British television documentary series

The Dragon Has Two Tongues was a 13-part television series, broadcast in the UK in 1985 by HTV and Channel 4. It was about the history of Wales and was presented jointly by Gwyn Alf Williams and Wynford Vaughan-Thomas, and produced by Colin Thomas.

The series has been described as ground-breaking in terms of its length and subject matter but also in terms of its presentation, with two presenters representing opposing points of view, Williams being a Marxist historian and Vaughan-Thomas a journalist associated with the establishment. Gwyn Alf Williams' presentational style was described as "the most passionate and the most articulate about the importance of the past in understanding the present and anticipating the future". In his entry on Williams in the Dictionary of Welsh Biography, Geraint H. Jenkins wrote that "the fiery Marxist historian ran rings around his affable Whiggish co-presenter".

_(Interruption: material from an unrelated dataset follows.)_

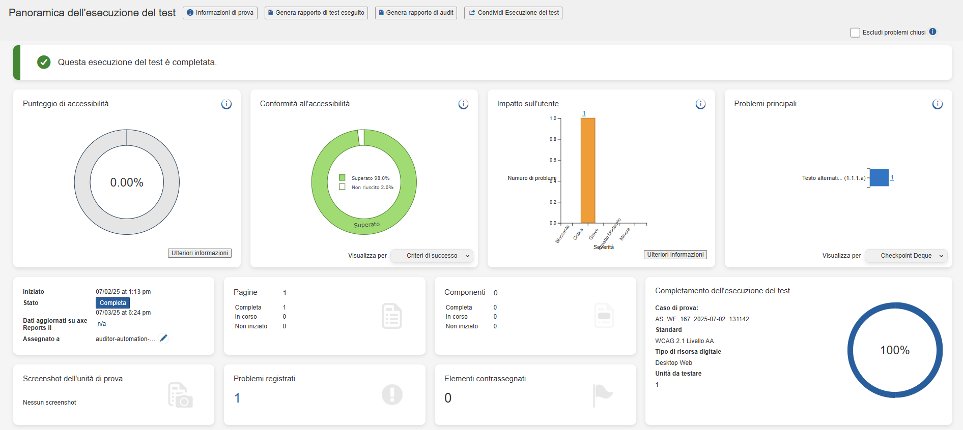 Note: Il pulsante Generate Test Run Report viene visualizzato nella pagina Panoramica esecuzione test solo quando gli standard di test selezionati sono WCAG, EN o Trusted Tester.

A copy of the recording is held in the archive of the National Library of Wales but it has not been repeated on UK television, despite a broadcast at a later date in Ireland. An attempt to post it online in 2017 was stopped by ITV Wales on copyright grounds, despite initially offering to sell the rights to the footage. In 2021 the Welsh Government was asked to preserve the series for future generations after ITV Wales had claimed that it could not be released in any format due to third-party copyright problems.

The title had been previously used by Glyn Jones in 1968 for his study of inter-war Welsh literature. The book emphasised the relationship between writers, their community and their language, and was the first academic study of Welsh writing in English. It was updated and re-issued several times and won the New Welsh Readers’ Poll in 2018 as the best essay collection ever published in English.

== Production ==
Colin Thomas was asked to produce, write and direct the series by HTV Wales, with Wynford Vaughan-Thomas already committed as sole presenter. Thomas realised when contemplating the series that his view of Welsh history did not align with Vaughan-Thomas's, and inspired by Colin MacArthur's book 'Television and History', he decided to add a second presenter. His first idea was the feminist historian Angela V. John but as Vaughan-Thomas would not accept John at any cost, Colin Thomas suggested Gwyn Williams, whom Vaughan-Thomas reluctantly accepted.